### [AIM OF THE TASK]
Scan the material below for the string "want", and copy every line where it shows up.

### [RECORDS]

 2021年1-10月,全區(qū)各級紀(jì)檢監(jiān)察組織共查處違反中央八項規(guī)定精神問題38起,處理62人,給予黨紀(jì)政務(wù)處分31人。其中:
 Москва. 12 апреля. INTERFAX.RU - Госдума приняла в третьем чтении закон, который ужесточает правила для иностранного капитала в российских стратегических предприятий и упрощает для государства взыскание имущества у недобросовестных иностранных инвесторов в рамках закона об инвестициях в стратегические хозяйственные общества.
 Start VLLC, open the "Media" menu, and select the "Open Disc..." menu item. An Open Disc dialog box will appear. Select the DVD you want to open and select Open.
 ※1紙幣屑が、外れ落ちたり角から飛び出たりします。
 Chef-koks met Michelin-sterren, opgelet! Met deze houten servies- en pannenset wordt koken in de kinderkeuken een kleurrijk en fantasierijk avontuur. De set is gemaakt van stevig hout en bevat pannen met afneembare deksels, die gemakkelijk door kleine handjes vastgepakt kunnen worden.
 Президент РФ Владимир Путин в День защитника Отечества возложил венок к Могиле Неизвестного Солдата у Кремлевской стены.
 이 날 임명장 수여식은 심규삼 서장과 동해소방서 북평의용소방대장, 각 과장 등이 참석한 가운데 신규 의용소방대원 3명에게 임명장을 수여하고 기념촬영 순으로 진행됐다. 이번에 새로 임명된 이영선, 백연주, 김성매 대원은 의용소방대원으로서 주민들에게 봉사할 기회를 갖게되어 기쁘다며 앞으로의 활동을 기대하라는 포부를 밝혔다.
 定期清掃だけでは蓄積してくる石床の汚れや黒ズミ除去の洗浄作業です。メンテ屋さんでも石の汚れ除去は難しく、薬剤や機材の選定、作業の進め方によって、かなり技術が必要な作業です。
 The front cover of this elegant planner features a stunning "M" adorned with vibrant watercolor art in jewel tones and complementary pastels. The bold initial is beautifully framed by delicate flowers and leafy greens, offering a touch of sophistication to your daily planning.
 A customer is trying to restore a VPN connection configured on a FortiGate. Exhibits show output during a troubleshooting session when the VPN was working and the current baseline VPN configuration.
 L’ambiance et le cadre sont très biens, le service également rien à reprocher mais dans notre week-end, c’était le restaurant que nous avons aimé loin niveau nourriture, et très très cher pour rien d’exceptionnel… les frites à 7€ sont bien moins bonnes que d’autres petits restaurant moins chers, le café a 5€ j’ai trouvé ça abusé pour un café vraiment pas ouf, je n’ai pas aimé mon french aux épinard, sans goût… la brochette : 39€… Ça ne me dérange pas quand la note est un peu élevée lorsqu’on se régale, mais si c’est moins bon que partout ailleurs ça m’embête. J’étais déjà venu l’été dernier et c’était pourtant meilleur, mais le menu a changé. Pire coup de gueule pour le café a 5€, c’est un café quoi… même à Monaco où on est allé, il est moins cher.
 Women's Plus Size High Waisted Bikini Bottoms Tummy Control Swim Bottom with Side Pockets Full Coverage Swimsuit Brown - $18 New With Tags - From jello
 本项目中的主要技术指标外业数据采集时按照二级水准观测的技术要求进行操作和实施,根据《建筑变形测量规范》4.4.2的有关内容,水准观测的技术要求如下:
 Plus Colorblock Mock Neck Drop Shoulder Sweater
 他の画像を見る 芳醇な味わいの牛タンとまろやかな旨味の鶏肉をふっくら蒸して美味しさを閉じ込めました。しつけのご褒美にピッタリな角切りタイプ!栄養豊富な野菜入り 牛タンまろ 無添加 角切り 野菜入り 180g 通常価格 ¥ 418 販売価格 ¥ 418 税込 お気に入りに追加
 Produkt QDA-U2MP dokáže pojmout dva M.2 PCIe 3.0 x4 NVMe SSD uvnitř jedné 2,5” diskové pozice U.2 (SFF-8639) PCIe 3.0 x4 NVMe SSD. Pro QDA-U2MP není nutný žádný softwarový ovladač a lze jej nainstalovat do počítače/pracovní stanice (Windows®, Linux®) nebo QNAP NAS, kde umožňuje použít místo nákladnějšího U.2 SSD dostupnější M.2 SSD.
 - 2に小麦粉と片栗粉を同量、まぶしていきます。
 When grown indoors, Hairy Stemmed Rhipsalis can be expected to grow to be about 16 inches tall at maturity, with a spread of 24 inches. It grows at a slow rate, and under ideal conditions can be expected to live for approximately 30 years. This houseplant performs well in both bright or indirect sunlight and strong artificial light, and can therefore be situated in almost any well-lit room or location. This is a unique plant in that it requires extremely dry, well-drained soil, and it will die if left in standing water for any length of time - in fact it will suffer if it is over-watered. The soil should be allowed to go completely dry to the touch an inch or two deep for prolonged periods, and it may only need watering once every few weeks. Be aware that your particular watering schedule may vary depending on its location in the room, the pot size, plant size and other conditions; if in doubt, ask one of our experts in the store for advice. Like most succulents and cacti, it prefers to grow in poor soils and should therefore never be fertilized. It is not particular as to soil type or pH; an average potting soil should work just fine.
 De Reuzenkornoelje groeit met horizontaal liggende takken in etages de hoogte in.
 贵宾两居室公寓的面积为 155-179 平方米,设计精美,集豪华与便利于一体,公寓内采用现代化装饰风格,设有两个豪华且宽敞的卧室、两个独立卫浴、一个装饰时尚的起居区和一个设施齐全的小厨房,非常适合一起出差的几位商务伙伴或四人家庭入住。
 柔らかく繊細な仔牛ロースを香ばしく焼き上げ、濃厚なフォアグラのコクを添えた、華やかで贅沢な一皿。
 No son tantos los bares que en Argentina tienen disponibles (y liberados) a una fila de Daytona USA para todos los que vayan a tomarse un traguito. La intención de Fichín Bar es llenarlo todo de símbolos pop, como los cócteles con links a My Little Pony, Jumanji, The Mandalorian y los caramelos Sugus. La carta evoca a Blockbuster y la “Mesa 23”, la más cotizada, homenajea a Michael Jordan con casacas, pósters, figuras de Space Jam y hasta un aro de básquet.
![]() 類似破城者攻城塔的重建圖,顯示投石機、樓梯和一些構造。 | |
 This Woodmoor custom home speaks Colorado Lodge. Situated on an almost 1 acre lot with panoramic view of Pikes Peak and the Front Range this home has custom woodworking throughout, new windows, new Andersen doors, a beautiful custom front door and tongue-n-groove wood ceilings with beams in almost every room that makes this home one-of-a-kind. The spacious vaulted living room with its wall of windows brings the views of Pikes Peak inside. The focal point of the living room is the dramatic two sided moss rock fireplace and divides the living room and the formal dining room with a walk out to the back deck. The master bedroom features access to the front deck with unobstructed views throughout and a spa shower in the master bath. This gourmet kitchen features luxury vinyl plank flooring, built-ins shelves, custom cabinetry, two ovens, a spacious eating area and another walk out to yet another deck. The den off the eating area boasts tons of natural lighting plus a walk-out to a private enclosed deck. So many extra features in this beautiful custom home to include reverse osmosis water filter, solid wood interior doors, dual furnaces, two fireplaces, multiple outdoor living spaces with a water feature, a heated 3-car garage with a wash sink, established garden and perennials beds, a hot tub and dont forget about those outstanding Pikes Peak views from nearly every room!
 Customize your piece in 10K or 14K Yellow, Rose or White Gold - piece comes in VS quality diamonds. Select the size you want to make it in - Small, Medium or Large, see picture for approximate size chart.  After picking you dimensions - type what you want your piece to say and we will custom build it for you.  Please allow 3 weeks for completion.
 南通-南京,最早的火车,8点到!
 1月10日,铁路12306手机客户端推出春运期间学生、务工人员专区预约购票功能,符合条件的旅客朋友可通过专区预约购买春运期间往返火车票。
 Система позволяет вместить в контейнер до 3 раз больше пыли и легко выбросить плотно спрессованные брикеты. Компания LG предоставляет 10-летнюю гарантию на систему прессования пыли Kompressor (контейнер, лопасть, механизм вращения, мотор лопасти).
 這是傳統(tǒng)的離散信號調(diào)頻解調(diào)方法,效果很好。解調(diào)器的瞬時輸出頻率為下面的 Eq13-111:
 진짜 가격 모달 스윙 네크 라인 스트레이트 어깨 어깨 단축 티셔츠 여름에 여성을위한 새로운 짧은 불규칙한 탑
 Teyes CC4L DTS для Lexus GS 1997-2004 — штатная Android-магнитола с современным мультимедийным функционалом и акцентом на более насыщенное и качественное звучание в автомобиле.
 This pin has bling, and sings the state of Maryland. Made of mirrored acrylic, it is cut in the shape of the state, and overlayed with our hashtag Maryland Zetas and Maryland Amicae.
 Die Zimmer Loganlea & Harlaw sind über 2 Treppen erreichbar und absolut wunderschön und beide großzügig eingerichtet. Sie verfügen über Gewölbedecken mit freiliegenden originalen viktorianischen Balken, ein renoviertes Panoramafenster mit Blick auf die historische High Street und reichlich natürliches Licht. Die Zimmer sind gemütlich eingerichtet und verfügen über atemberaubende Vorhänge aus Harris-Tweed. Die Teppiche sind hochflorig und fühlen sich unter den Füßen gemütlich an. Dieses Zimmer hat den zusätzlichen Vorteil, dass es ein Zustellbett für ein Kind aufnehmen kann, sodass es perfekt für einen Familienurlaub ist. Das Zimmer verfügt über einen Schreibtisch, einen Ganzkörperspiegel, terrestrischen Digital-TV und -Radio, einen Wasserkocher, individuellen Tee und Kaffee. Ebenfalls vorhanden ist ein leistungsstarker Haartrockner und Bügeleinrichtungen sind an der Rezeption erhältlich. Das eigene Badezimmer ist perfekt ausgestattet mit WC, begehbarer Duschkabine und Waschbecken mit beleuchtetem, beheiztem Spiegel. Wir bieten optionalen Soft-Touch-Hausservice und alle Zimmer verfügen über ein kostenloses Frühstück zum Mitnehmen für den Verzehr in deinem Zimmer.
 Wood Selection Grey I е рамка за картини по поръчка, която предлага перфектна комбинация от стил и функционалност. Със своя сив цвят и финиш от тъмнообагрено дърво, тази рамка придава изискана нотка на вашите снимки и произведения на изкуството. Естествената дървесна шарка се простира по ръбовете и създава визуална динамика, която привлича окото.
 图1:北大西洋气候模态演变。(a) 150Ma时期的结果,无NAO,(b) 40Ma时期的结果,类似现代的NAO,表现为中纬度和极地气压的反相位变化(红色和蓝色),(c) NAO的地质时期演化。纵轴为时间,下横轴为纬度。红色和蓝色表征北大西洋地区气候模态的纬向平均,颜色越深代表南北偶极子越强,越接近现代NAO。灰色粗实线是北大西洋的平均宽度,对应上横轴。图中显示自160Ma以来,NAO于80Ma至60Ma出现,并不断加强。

### [TASK RESULT]
 Start VLLC, open the "Media" menu, and select the "Open Disc..." menu item. An Open Disc dialog box will appear. Select the DVD you want to open and select Open.
 Customize your piece in 10K or 14K Yellow, Rose or White Gold - piece comes in VS quality diamonds. Select the size you want to make it in - Small, Medium or Large, see picture for approximate size chart.  After picking you dimensions - type what you want your piece to say and we will custom build it for you.  Please allow 3 weeks for completion.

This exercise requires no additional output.